**Provided data**:
# # #

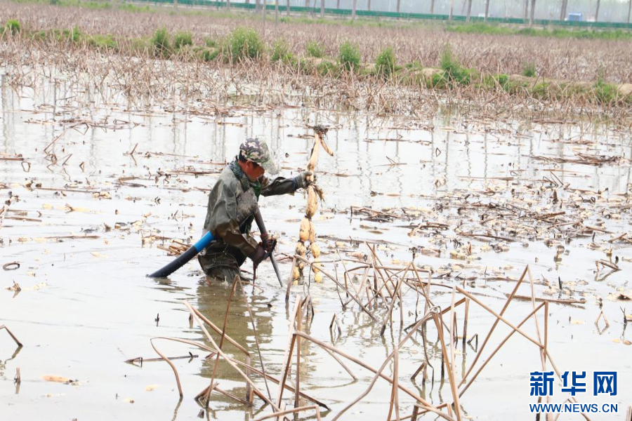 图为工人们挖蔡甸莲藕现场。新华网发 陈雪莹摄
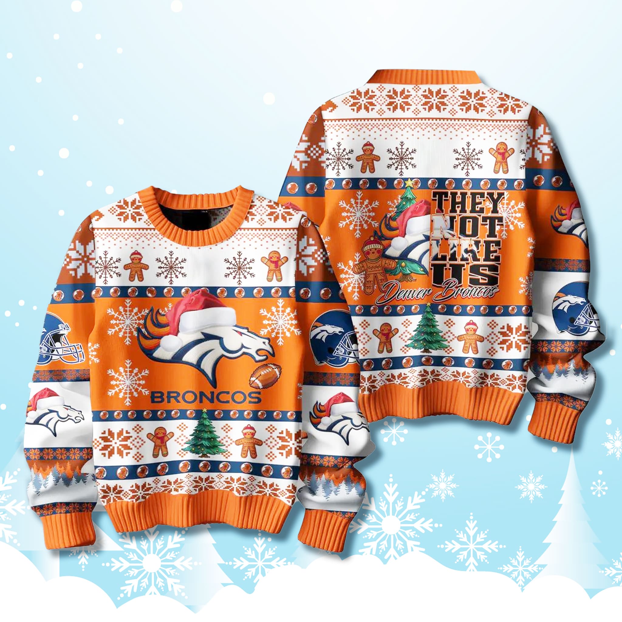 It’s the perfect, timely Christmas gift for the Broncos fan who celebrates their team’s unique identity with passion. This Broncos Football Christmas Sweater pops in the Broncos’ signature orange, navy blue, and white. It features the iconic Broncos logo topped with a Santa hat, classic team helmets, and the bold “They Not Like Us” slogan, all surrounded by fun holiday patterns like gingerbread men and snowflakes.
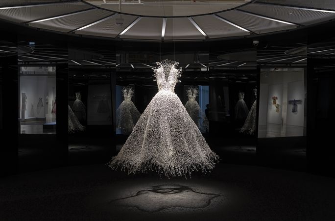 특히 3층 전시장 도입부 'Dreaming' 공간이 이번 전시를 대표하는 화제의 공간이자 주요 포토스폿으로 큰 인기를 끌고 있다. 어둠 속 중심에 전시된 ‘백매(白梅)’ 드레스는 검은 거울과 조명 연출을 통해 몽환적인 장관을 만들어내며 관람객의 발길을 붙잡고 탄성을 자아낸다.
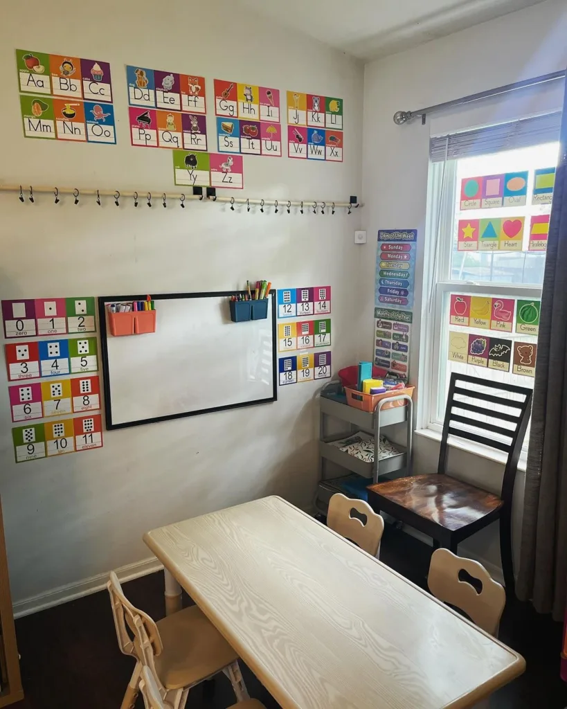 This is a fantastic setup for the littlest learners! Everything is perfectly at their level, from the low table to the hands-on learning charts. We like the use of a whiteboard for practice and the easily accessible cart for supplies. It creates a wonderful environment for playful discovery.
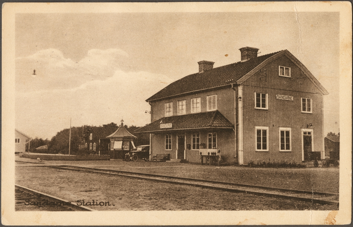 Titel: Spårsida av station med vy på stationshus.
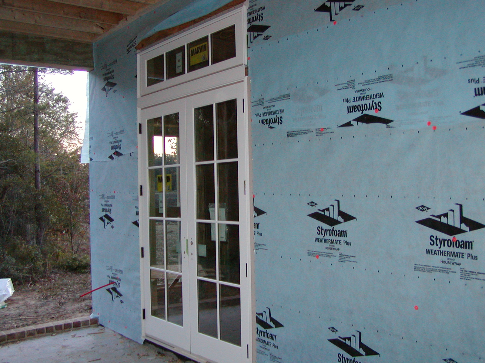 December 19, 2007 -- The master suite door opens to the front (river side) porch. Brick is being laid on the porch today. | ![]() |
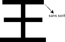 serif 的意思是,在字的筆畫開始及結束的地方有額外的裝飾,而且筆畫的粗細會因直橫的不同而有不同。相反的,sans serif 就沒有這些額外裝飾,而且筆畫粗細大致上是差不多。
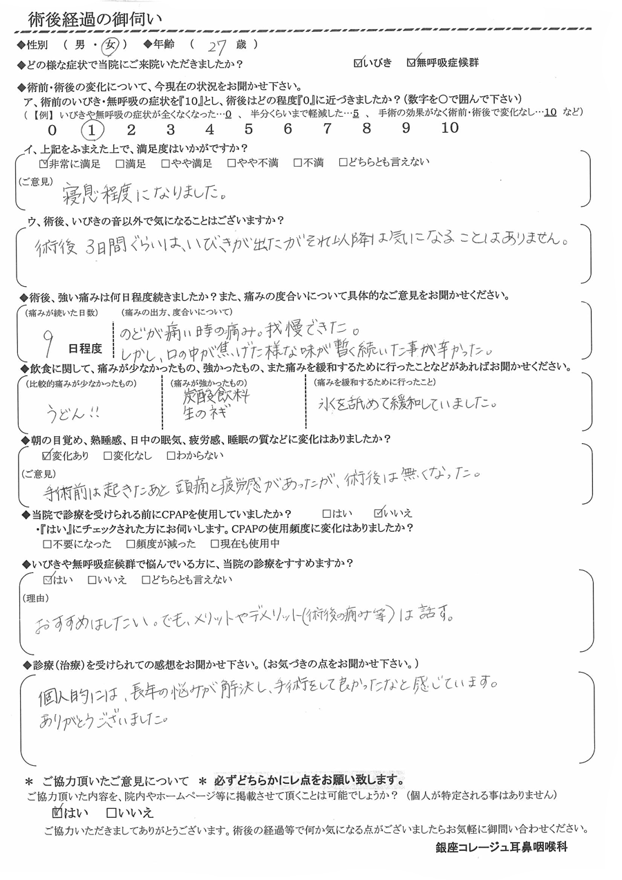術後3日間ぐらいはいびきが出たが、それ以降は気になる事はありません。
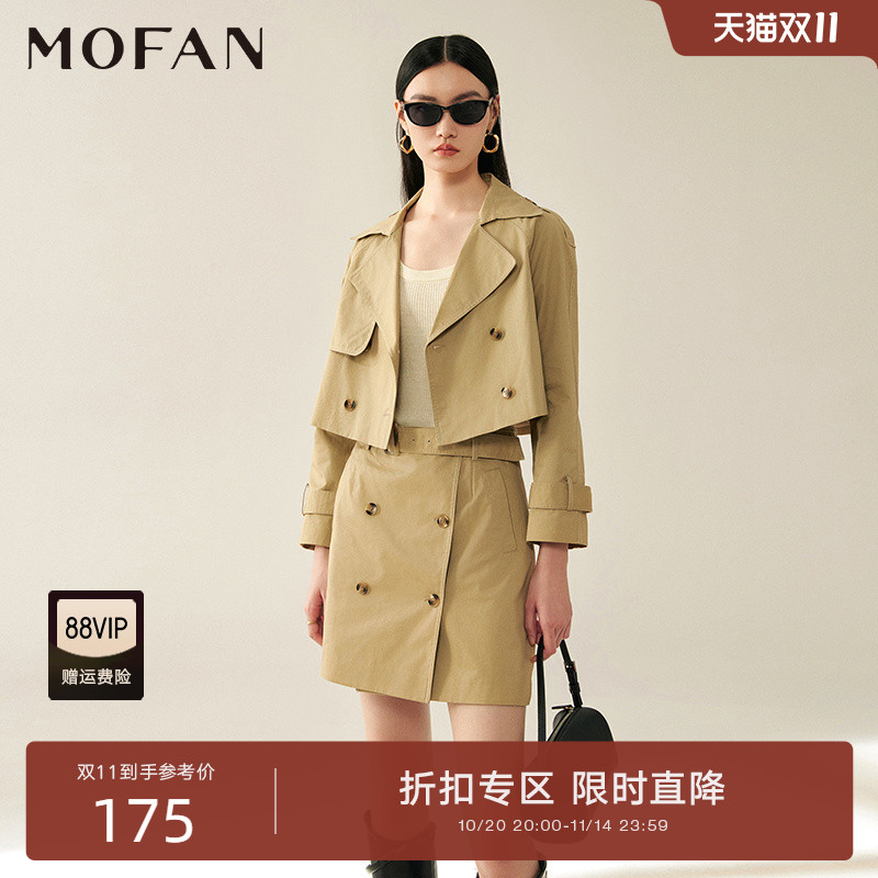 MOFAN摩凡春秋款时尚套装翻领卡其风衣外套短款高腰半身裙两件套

# # #

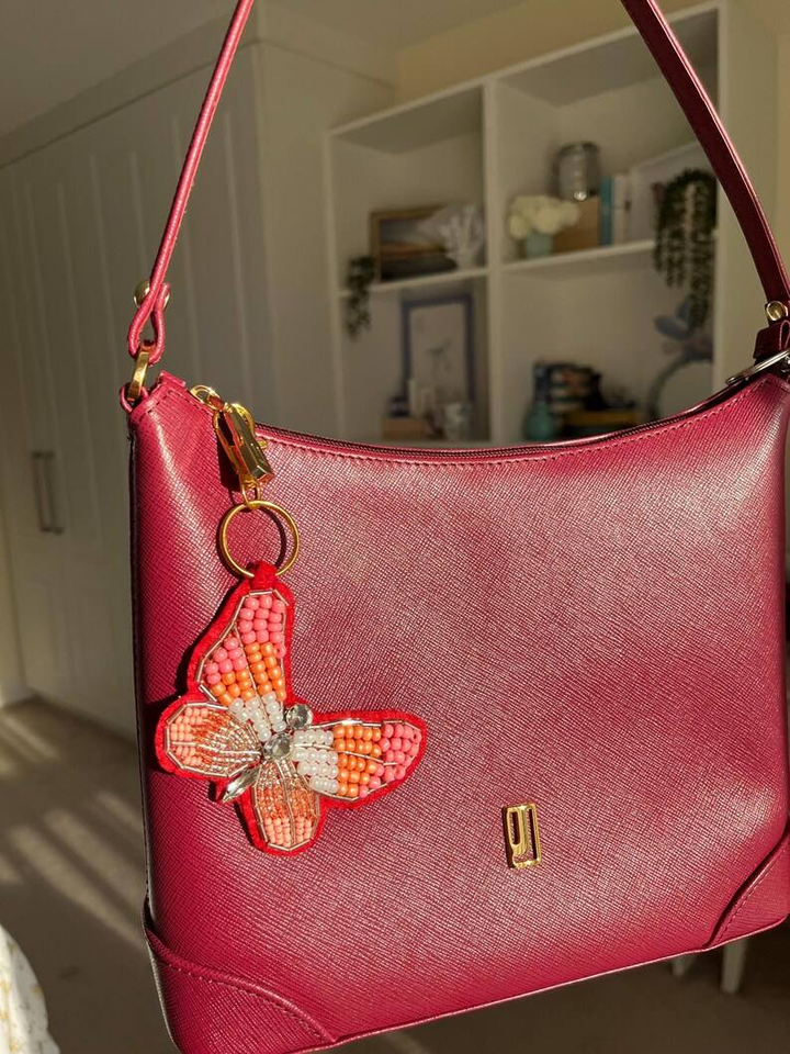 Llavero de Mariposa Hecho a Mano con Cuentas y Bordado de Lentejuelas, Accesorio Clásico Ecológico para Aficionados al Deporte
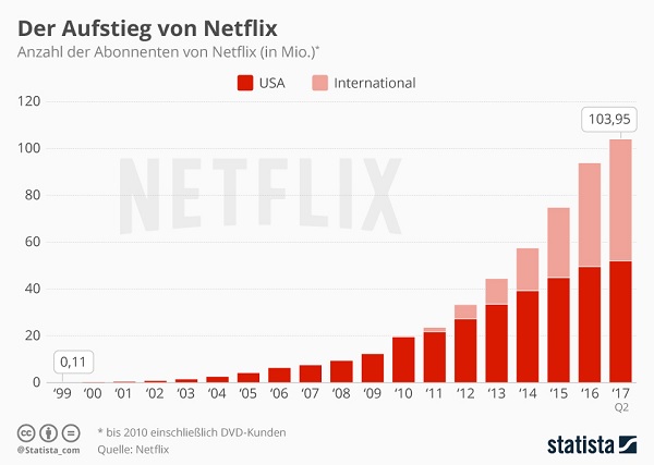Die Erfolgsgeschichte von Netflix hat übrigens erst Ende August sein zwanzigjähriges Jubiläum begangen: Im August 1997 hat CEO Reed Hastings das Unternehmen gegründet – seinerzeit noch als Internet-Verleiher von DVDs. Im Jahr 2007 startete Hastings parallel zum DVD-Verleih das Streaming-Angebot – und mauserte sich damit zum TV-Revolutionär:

# # #

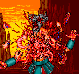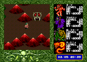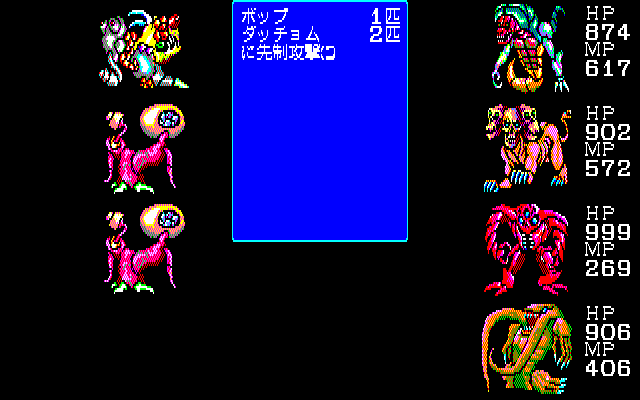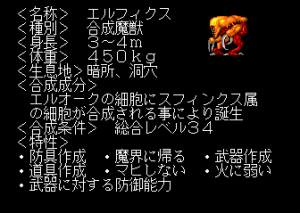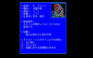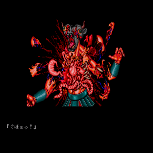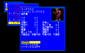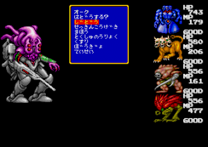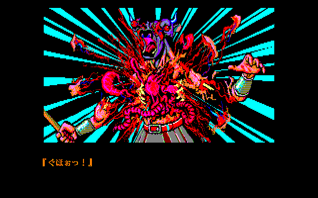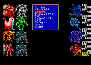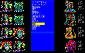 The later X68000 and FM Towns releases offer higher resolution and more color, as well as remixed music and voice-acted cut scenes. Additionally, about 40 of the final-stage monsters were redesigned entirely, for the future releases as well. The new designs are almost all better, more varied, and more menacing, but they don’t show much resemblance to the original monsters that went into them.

# # #

Find the line with "December 19, 2007" in the data above, and from there retype each line exactly through the line with "MOFAN摩凡春秋款时尚套装翻领卡其风衣外套短款高腰半身裙两件套", skipping the pictures along the way.

**Answer for the task**:
 December 19, 2007 -- The master suite door opens to the front (river side) porch. Brick is being laid on the porch today. | ![]() |
 serif 的意思是,在字的筆畫開始及結束的地方有額外的裝飾,而且筆畫的粗細會因直橫的不同而有不同。相反的,sans serif 就沒有這些額外裝飾,而且筆畫粗細大致上是差不多。
術後3日間ぐらいはいびきが出たが、それ以降は気になる事はありません。
 MOFAN摩凡春秋款时尚套装翻领卡其风衣外套短款高腰半身裙两件套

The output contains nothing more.